In opposition, Defendants' expert Lieberman maintained just the opposite—that the fees were excessive, and violated the Code of Professional Responsibility. See Hal Lieberman Aug. 14, 2014 Dep. Tr. 32:20-34; Lieberman Report at 17-18. Thus, there is a dispute of material fact as to the excessiveness of Korff's fee.

Further, "an unconscionable contract is generally defined as one which is so grossly unreasonable as to be [unenforceable according to its literal terms] because of an absence of meaningful choice on the part of one of the parties [procedural unconscionability] together with contract terms which are unreasonably favorable to the other party [substantive unconscionability]." Lawrence v. Miller, 24 N.Y.3d at 336-37 (internal quotation marks and citation omitted). A fee agreement can be unconscionable at inception, or "may become unconscionable in hindsight, if 'the amount becomes large enough to be out of all proportion to the value of the professional services rendered.'" Id. at 339 (quoting King v. Fox, 7 N.Y.3d 181, 191 (2006)).

Given the above observations, including the experts' opinions and the fact that Korff seeks a fee of $46 million, triable issues also remain as to whether the Agreement was unconscionable. Therefore, summary judgment on the fourth, fifth, and eleventh affirmative defenses is denied.

4. Duress & Undue Influence

The parties next dispute whether the letter agreement was a product of duress or undue influence, whether the third affirmative defense of duress and undue influence should be stricken, and whether the letter agreement's terms and Korff's conduct were unconscionable.

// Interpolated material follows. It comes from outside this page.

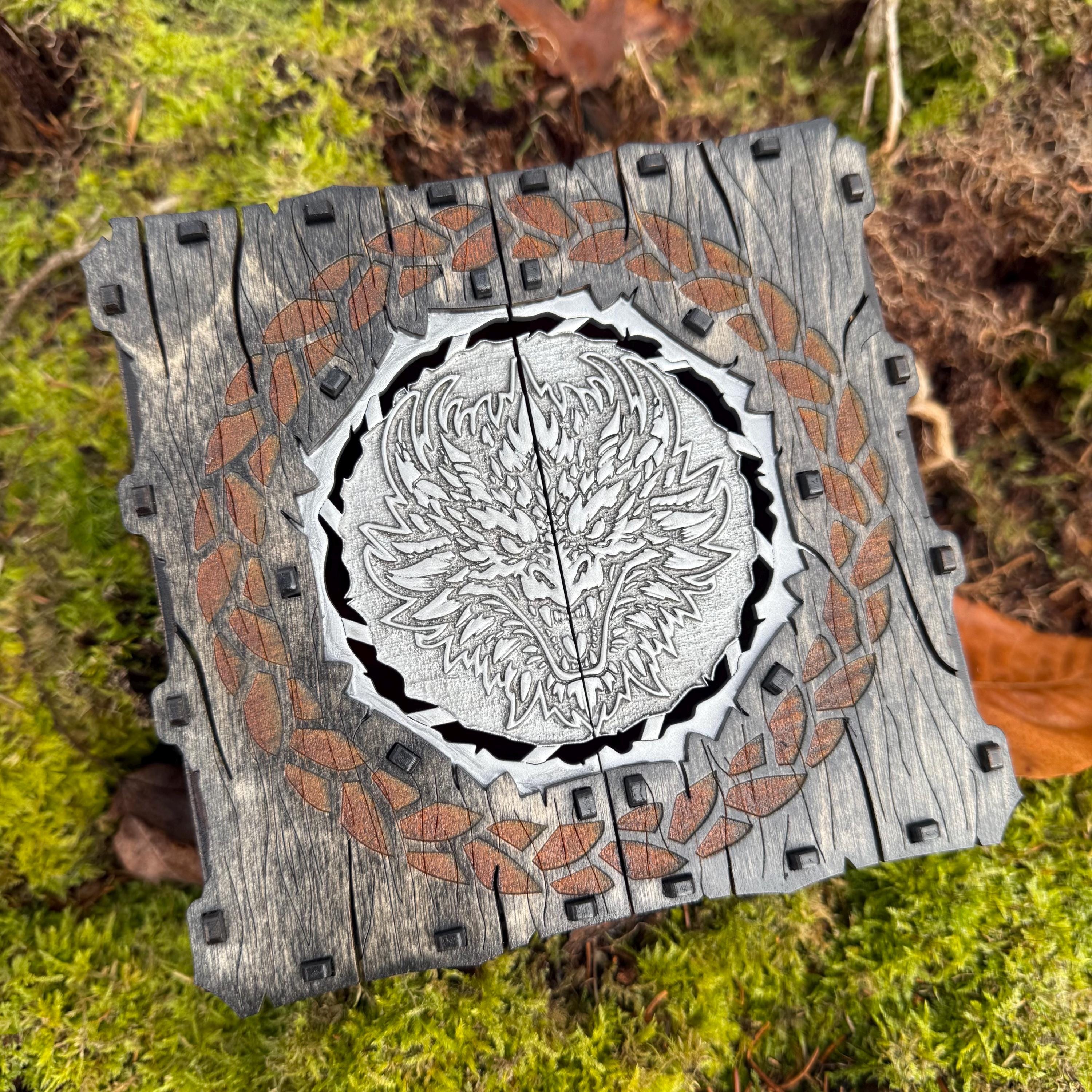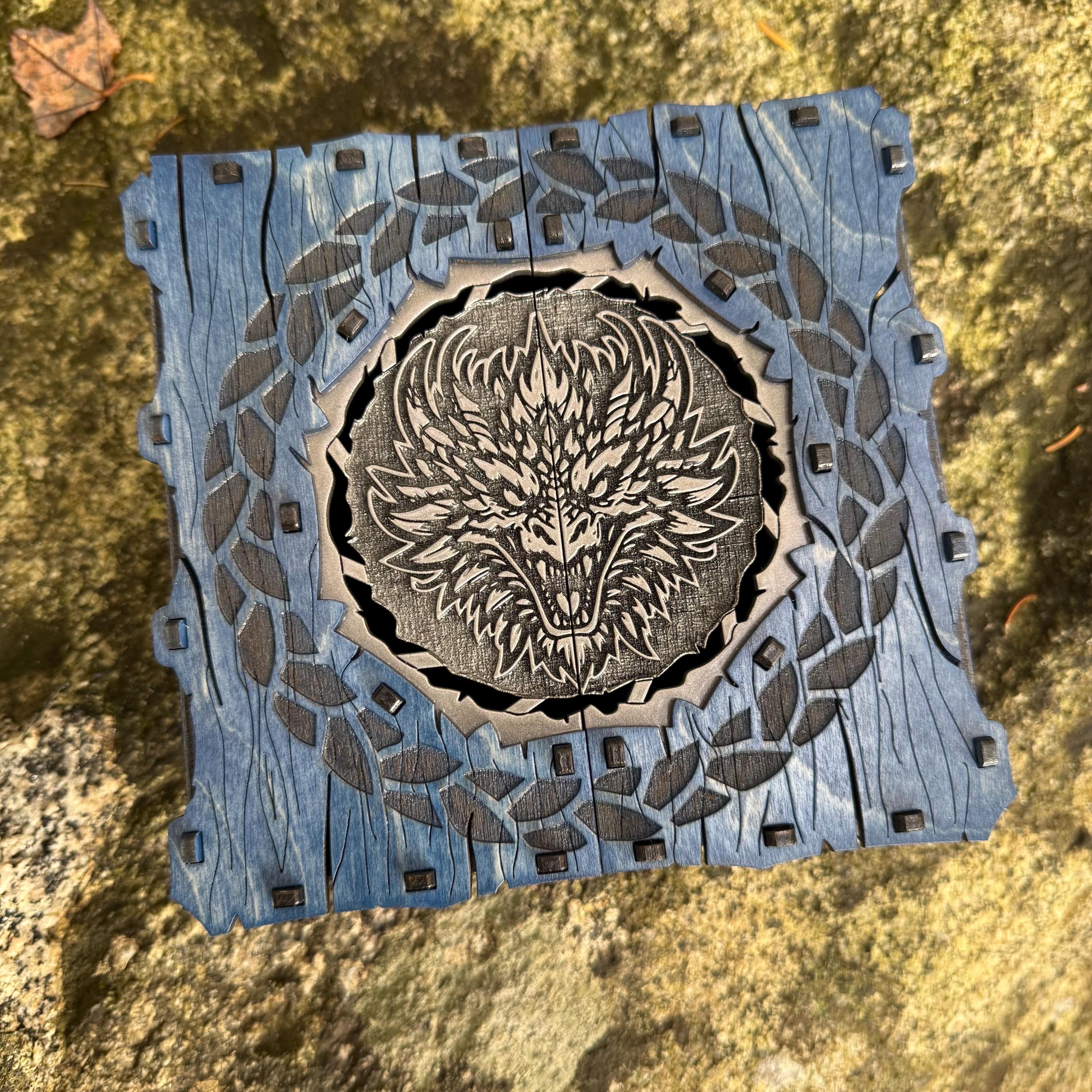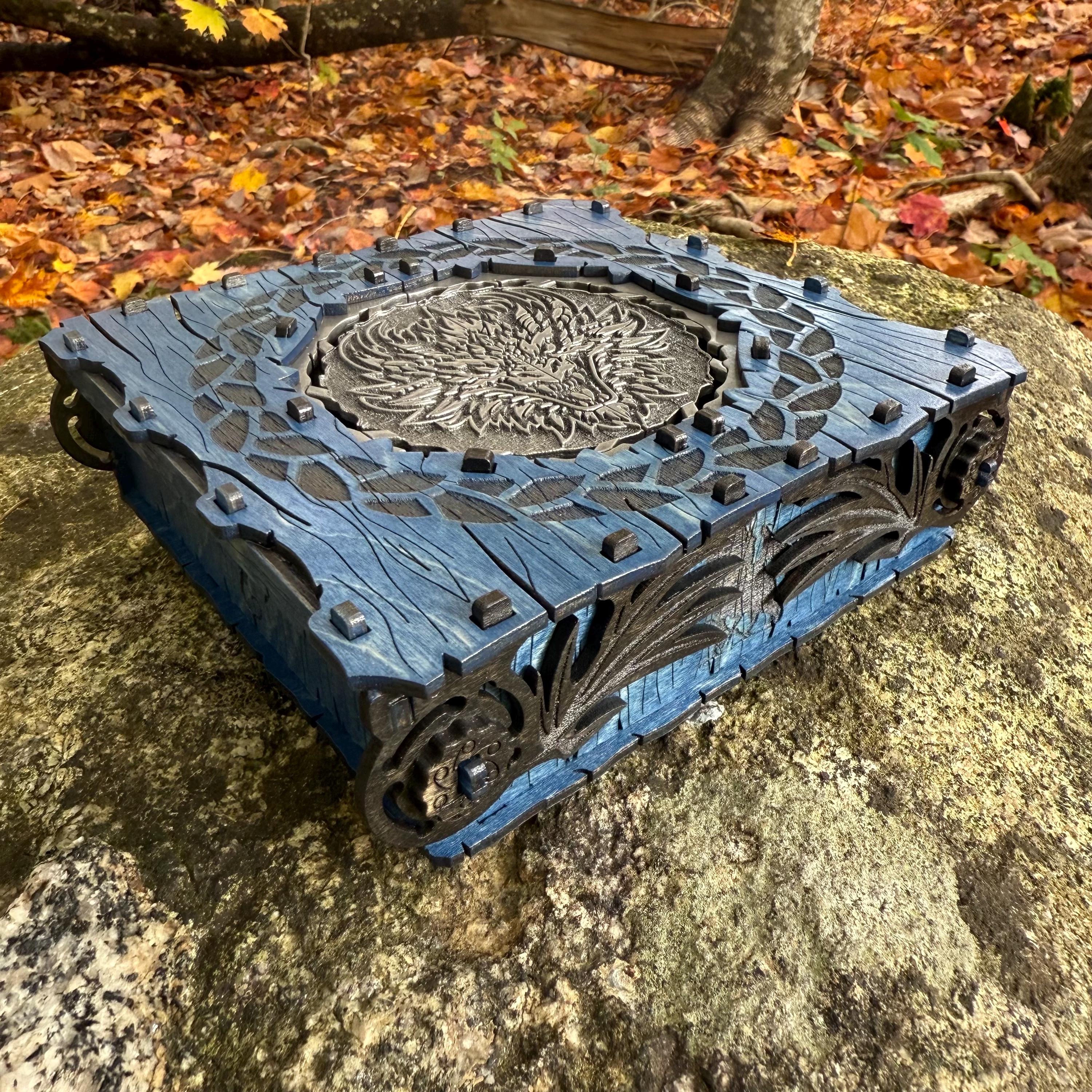This exceptionally designed and embellished wooden box can be used for jewelry and other small mementos, or by gaming enthusiasts for dice or other game components. Intricate and yet durable, with highly detailed laser-engraved artwork and a dual color staining process for a truly captivating creation. Featuring a velvet-lined interior and shutter style lid, this small box is a great gift idea for anyone fond of fantasy, dragons, or intriguing, functional handcrafted items. It will also make a fine presentation box for any small gift that fits within its confines.

A "contract is voidable on the ground of duress when it is established that the party making the claim was forced to agree to it by means of a wrongful threat precluding the exercise of his free will." Sosnoff v. Carter, 165 A.D.2d 486, 491 (1st Dep't 1991) (internal quotation omitted). "One who would repudiate a contract procured by duress must act promptly or he will be deemed to have elected to affirm it." Edison Stone Corp. v. 42nd St. Dev. Corp., 145 A.D.2d 249, 253 (1st Dep't 1989) (internal quotation omitted); Livathinos v. Vaughan, 121 A.D.3d 485, 486 (1st Dep't 2014). Inasmuch as a contract procured by duress is not void, but voidable, a contracting party may ratify it "by 'remaining silent or acquiescing in the contract for a period of time after he has the opportunity to avoid it' or by 'acting upon it, performing under it, or affirmatively acknowledging it.'" VKK Corp. v. National Football League, 244 F.3d 114, 123 (2d Cir. 2001) (internal citation omitted).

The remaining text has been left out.